Hi everyone,
I want to perform motif enrichment analysis and, so, I want to use 500bp region before and 100bp region into the coding region. For the coding region, I think I am set but, I wanted to confirm I am doing everything fine by using coding_gene_flank
. Currently, I am doing this:
seq1 = biomaRt::getSequence(id=i, type="ensembl_gene_id", seqType="coding_gene_flank", upstream = 500, mart = ensembl,verbose = T)
seq2 = biomaRt::getSequence(id=i, type="ensembl_gene_id", seqType="coding", mart = ensembl,verbose = T)
seq<-paste0(seq1,substr(seq2,1,100))
Thanks in advance!
sessionInfo()
R version 4.3.0 (2023-04-21 ucrt)
Platform: x86_64-w64-mingw32/x64 (64-bit)

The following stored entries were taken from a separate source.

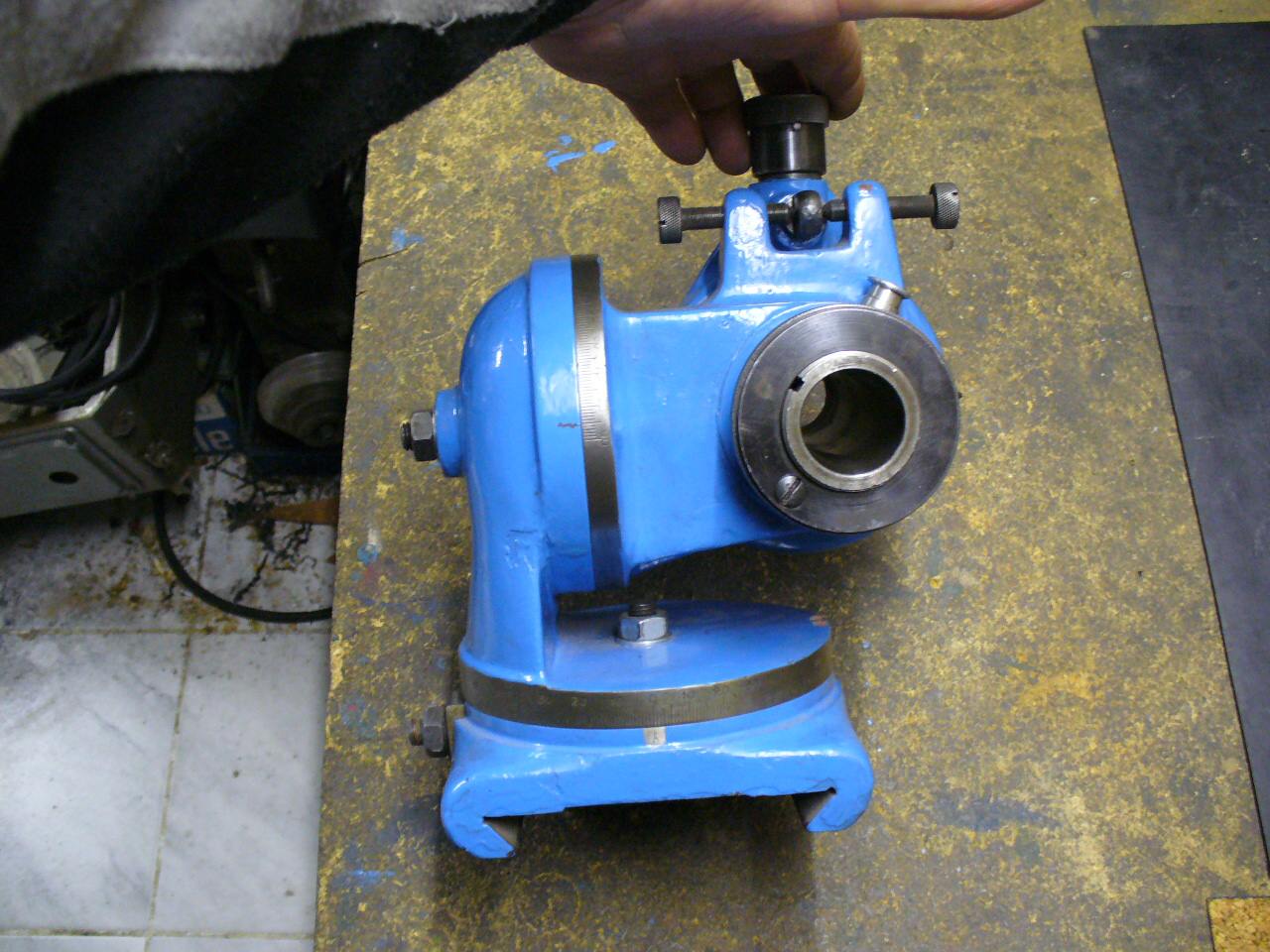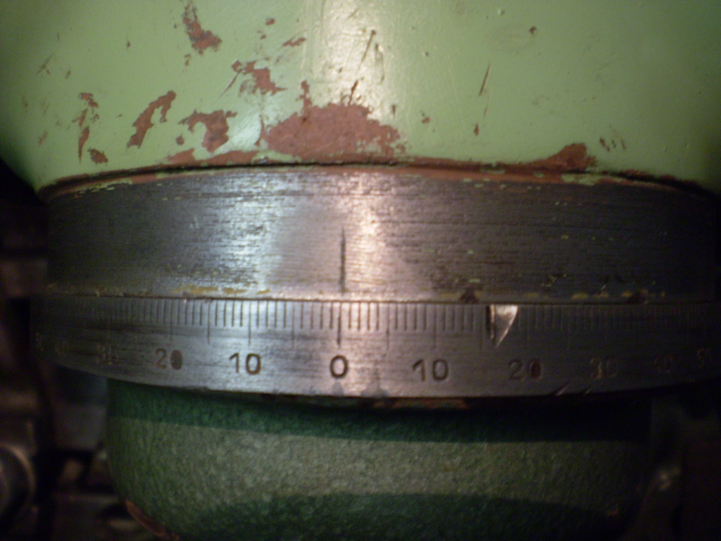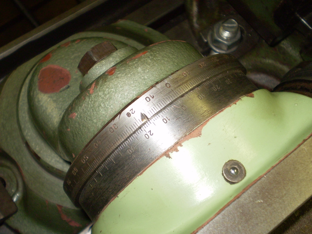 Ten můj vřeteník s řemenicí a má jen stupnici od nuly do 62°. Takže je to asi opravdu pro broušení nakulato. Navíc to neštimuje. Když je to na nule, tak osa vřetene není rovnoběžná s základní deskou. Asi protože je to poskládané z více kusů, což je znát i podle nátěru.
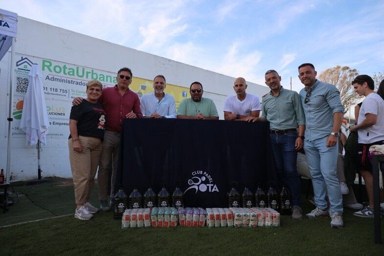 Además, y para hacer la cita solidaria, el Club Pádel Rota entregó al Ayuntamiento una donación de productos de alimentación que se habían adquirido a través de un sorteo entre los socios para la 'Cocina Solidaria'.
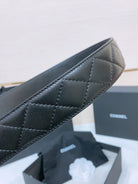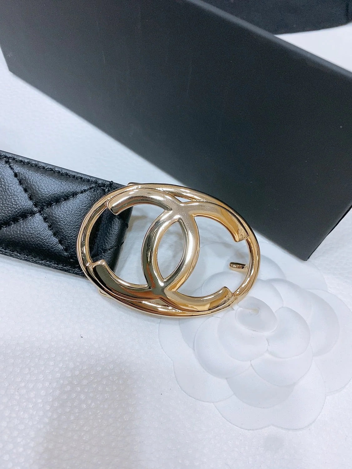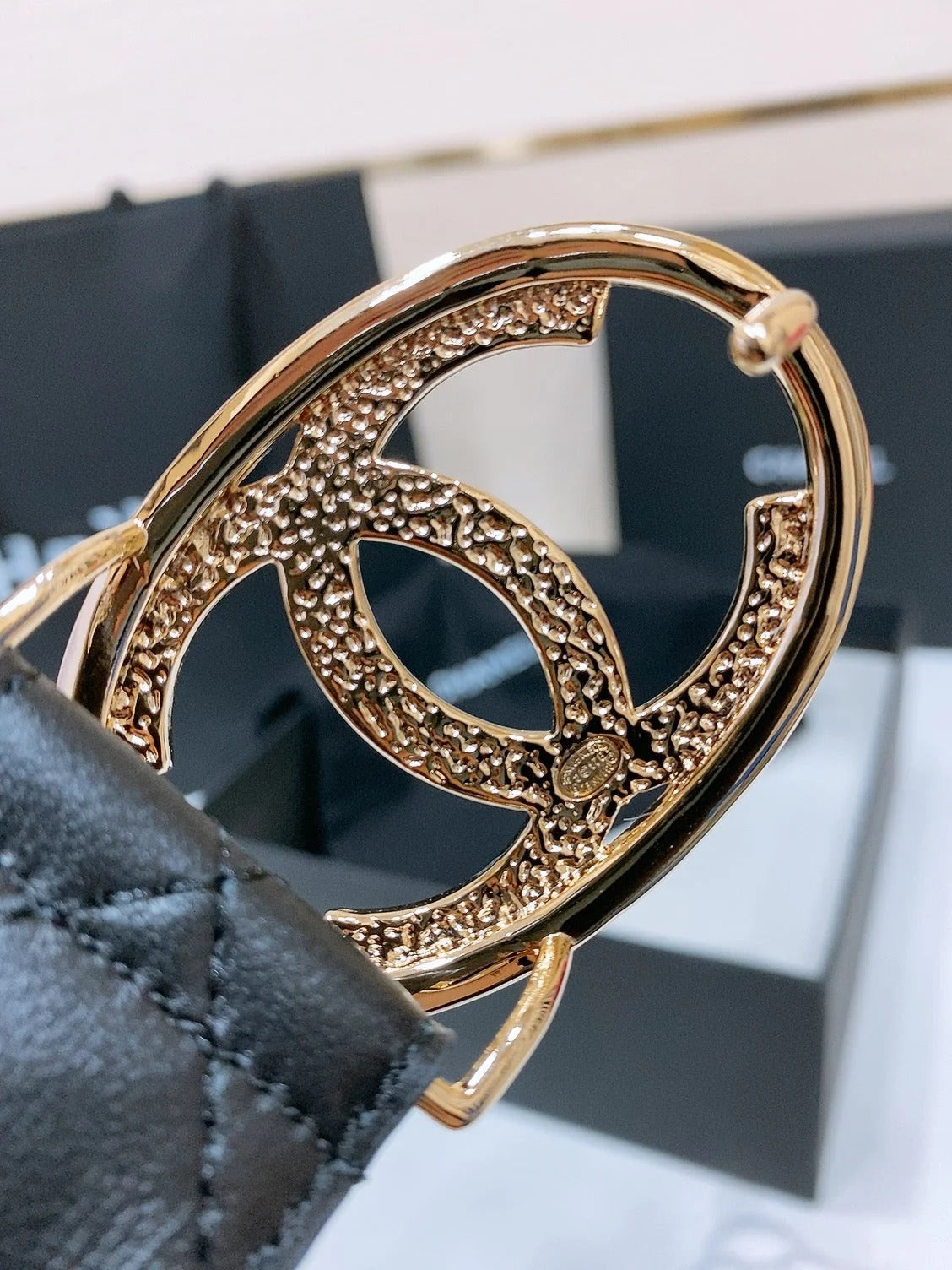 DOUBLE C BELT 38MM IN BLACK QUILTED LAMBSKIN WITH GOLD OVAL BUCKLE CENTERED LOGO
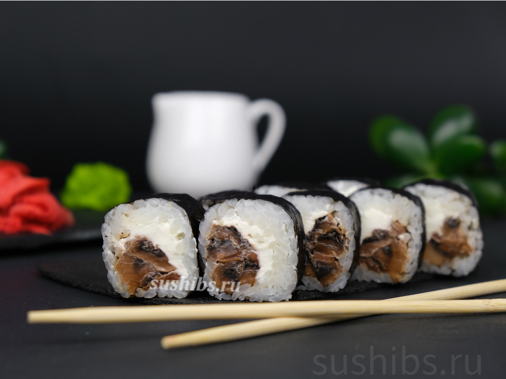 Вес 170 гр .Классические роллы Маки с нежным сливочным сыром и Шампиньонами.
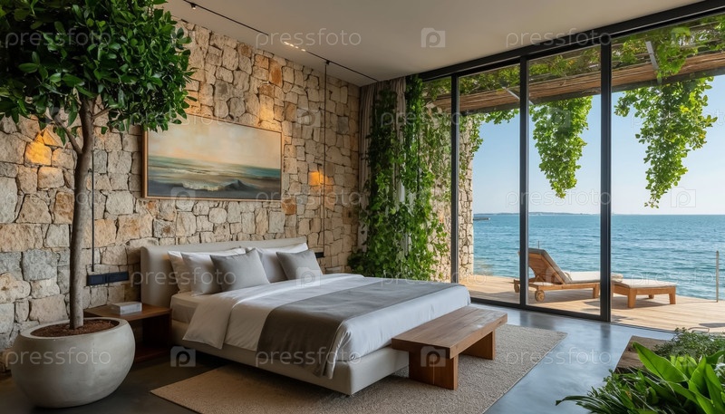 Роскошный интерьер спальни с панорамными окнами на море
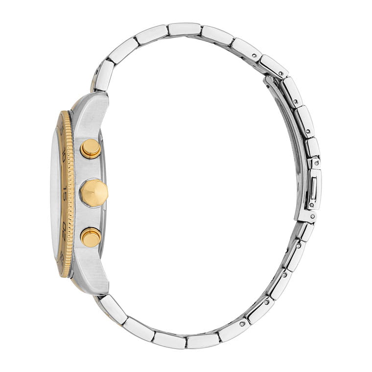 JUST CAVALLI JC1G243M0275 — стильные итальянские часы с функцией хронографаХронографФункция позволяет измерять отрезки времени с особой точностью: часы, минуты, секунды. Верным признаком хронографа является наличие на циферблате 3 дополнительных окошек-счётчиков. и секундомераСекундомерСекундоме́р — прибор, способный измерять интервалы времени с точностью до долей секунды., которые сочетают в себе элегантность и современный функционал. Круглый корпус диаметром 42 мм выполнен из нержавеющей стали, толщина корпуса составляет 11 мм, а на безельБезельВнешний ободок, закрепляющий стекло. В спортивных часах так называется поворотное кольцо с делениями на циферблате, выполняет роль таймера – замеряет отрезки времени на шкале. Неподвижный безель – элемент декора. Однонаправленно вращающийся безель на дайверских часах позволяет фиксировать моменты погружения и выныривания на поверхность. нанесено PVD-покрытиеPVDУльтратонкое покрытие наносится в технике вакуумного напыления, сочетает в себе нитрид титана особой прочности со слоем золота или оксида хрома. Несёт в себе декоративную или защитную функцию., что придает модели выразительный внешний вид и надежную защиту от внешних воздействий. Часы оснащены кварцевым механизмом, также обладают функцией отображения даты, что делает их удобными для ежедневного использования. Минеральное стеклоМинеральное стеклоМинеральное стекло представляет собой искусственно выращенный минерал кварца. Такое стекло отличается особой устойчивостью к повреждениям и царапинам. Уступает по некоторым качествам сапфировому стеклу. защищает часы от царапин, а водозащита 100 метров позволяет не снимать их во время плавания и занятий спортом. Стальной браслет с частичным PVD-покрытиемPVDУльтратонкое покрытие наносится в технике вакуумного напыления, сочетает в себе нитрид титана особой прочности со слоем золота или оксида хрома. Несёт в себе декоративную или защитную функцию. на раскладной застёжкеРаскладная застёжкаТакой тип застёжки используется только на браслетах из металла. Она никогда не раскрывается полностью, происходит разделение на 2 и более частей. Раскладывающая застёжка снизит вероятность потери часов к минимуму. обеспечивает комфортное ношение. Стрелки и метки с люминесцентным покрытиемЛюминесцентное покрытиеПозволяет считывать показания времени в темноте. Производители наносят на стрелки, часовые индексы, безель или поверхность циферблата светонакопительный состав, дающий холодное свечение. обеспечивают отличную читаемость в любое время суток.
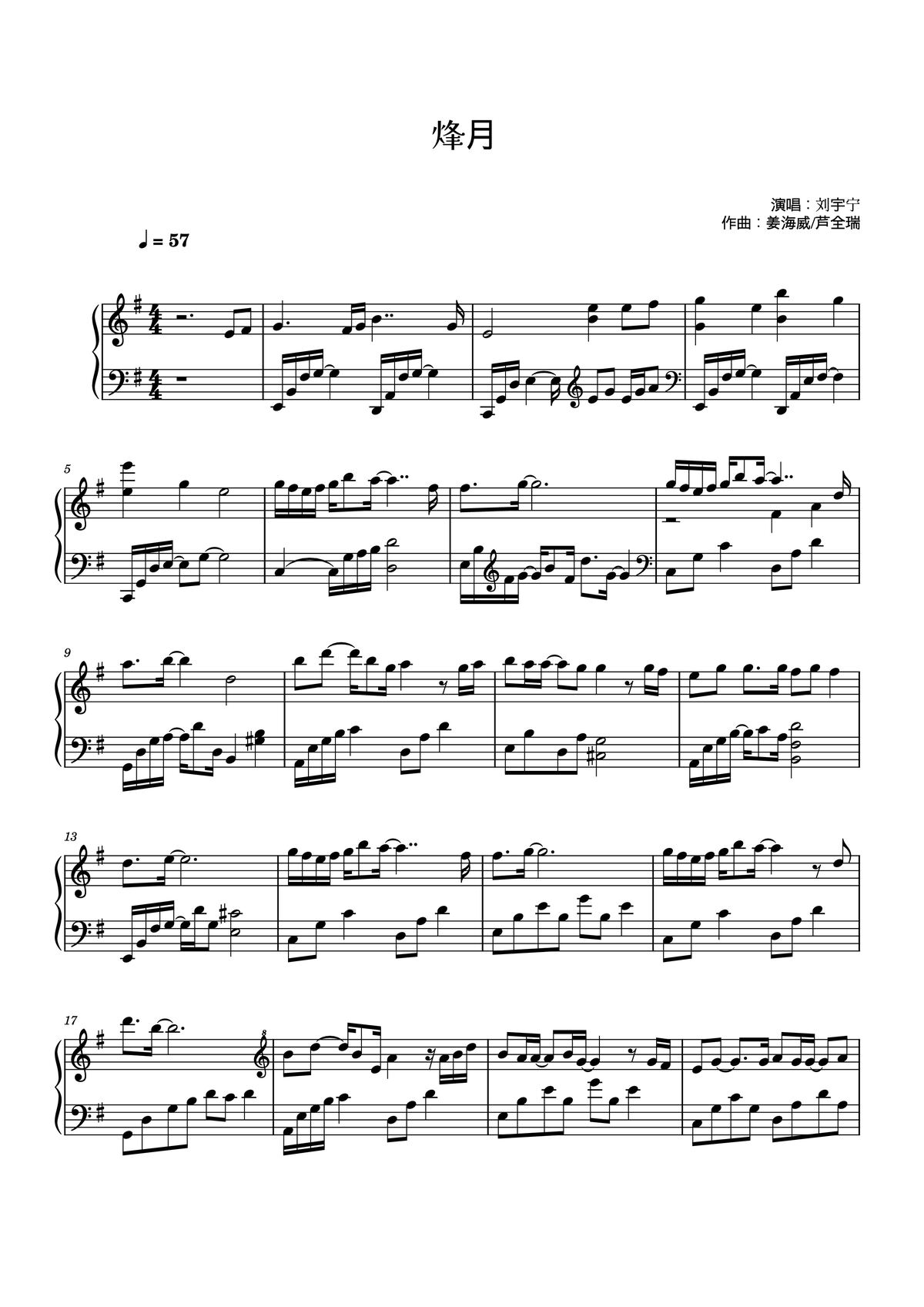 Download and print in PDF or MIDI free sheet music of 烽月 刘宇宁 - Jessy Chen for 烽月 刘宇宁 arranged by Jessy Chen for Piano (Solo)

Running under: Windows 11 x64 (build 22621)
Matrix products: default
locale:
[1] LC_COLLATE=Portuguese_Portugal.utf8 LC_CTYPE=Portuguese_Portugal.utf8
[3] LC_MONETARY=Portuguese_Portugal.utf8 LC_NUMERIC=C
[5] LC_TIME=Portuguese_Portugal.utf8
time zone: Europe/Lisbon
tzcode source: internal
attached base packages:
[1] stats graphics grDevices utils datasets methods base
other attached packages:
[1] biomaRt_2.56.1
loaded via a namespace (and not attached):
[1] KEGGREST_1.40.0 gtable_0.3.4 xfun_0.40
[4] ggplot2_3.4.2 rstatix_0.7.2 Biobase_2.60.0
[7] vctrs_0.6.3 tools_4.3.0 bitops_1.0-7
[10] generics_0.1.3 stats4_4.3.0 curl_5.0.2
[13] tibble_3.2.1 fansi_1.0.4 AnnotationDbi_1.62.2
[16] RSQLite_2.3.1 blob_1.2.4 pkgconfig_2.0.3
[19] dbplyr_2.3.3 S4Vectors_0.38.1 lifecycle_1.0.3
[22] GenomeInfoDbData_1.2.10 compiler_4.3.0 stringr_1.5.0
[25] Biostrings_2.68.1 progress_1.2.2 munsell_0.5.0
[28] carData_3.0-5 GenomeInfoDb_1.36.2 htmltools_0.5.6
[31] yaml_2.3.7 RCurl_1.98-1.12 car_3.1-2
[34] tidyr_1.3.0 pillar_1.9.0 ggpubr_0.6.0
[37] crayon_1.5.2 cachem_1.0.8 abind_1.4-5
[40] tidyselect_1.2.0 zip_2.3.0 digest_0.6.33
[43] stringi_1.7.12 purrr_1.0.2 dplyr_1.1.2
[46] forcats_1.0.0 fastmap_1.1.1 grid_4.3.0
[49] colorspace_2.1-0 cli_3.6.1 magrittr_2.0.3
[52] XML_3.99-0.14 utf8_1.2.3 broom_1.0.5
[55] backports_1.4.1 prettyunits_1.1.1 filelock_1.0.2
[58] scales_1.2.1 rappdirs_0.3.3 bit64_4.0.5
[61] rmarkdown_2.24 XVector_0.40.0 httr_1.4.7
[64] bit_4.0.5 ggsignif_0.6.4 png_0.1-8
[67] hms_1.1.3 openxlsx_4.2.5.2 evaluate_0.21
[70] memoise_2.0.1 knitr_1.43 IRanges_2.34.0
[73] BiocFileCache_2.8.0 rlang_1.1.1 Rcpp_1.0.10
[76] glue_1.6.2 DBI_1.1.3 xml2_1.3.5
[79] BiocGenerics_0.46.0 rstudioapi_0.15.0 R6_2.5.1
[82] zlibbioc_1.46.0
Thanks Mike Smith! What I am doing right now is to confirm if upstream + coding sequence appear on the gene sequence (added a buffer upstream as well):
Then, if the upstream + coding sequence are in this
full
region, I save the combination; otherwise, I do not consider it.